The condo was spotless and modern. A pair of black Barcelona chairs flanked a gas fireplace. A glass coffee table with a Nambe bowl as its centerpiece was placed in front of a bright red leather sofa, also Italian, like the Barcelona chairs. Daphne Middleton had excellent taste and a flair for the dramatic.

“Coffee’s brewing,” she said. “Follow me.”

Daphne led Grace to the kitchen, where an automatic coffeemaker beeped, indicating that it had just finished brewing. She poured a cup for herself and one for the detective. They sat at the kitchen table and talked. First Grace told her about Tricia and her mother, and how their lives had been wrapped up in the drama of a serial killer.

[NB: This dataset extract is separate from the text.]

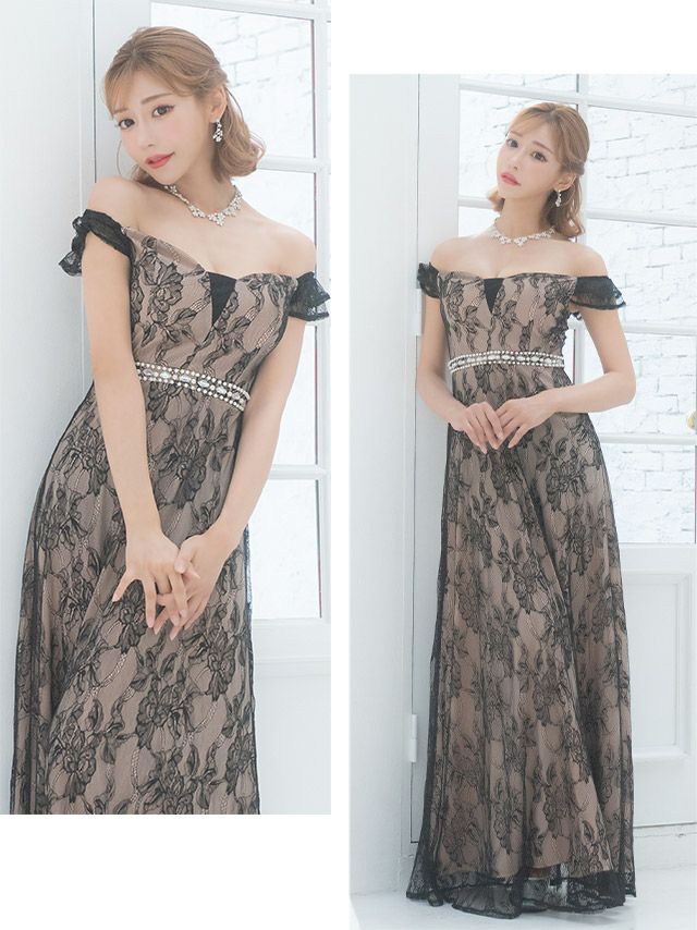 4. 2WayオフショルダーウエストパールビジューラインオールレースAラインロングドレス (Sサイズ~XXLサイズ) (明日花キララ/キャバドレス着用)

It was part therapy, part fact finding.

“I think your mother wrote to me back in the late 1980s,” Daphne said.

Grace nodded. “I’m sure she did. My mother wrote to anyone with a connection to him, from his grade school teachers on up to a cellmate he had in Florida.”

“I see. I’m in excellent company, then,” Daphne said without a bit of irony.

Grace liked Daphne. Despite all of it, she could still find something in the darkness that made one smile.

Daphne looked up. “Sugar? Milk?”

Grace shook her head. In the middle of the conversation they were having there was room for the mundane. It was odd and comforting at the same time.

“Black’s fine,” she said.

She examined the woman in early sixties across from her. She wore a pair of gold hoops and a necklace fashioned of stars linked together. Her brows were dark and they moved as she spoke. She was beautiful and expressive and she’d been through a lot.

Daphne was the only Ted victim who had chosen to be with him, then rejected him.

“I know what you’re thinking. I know what everyone thinks. If I didn’t kick him to the curb, those girls would still be alive. Your sister would still be alive. All of them. Live with that for a little while and come back here and tell me how that feels.”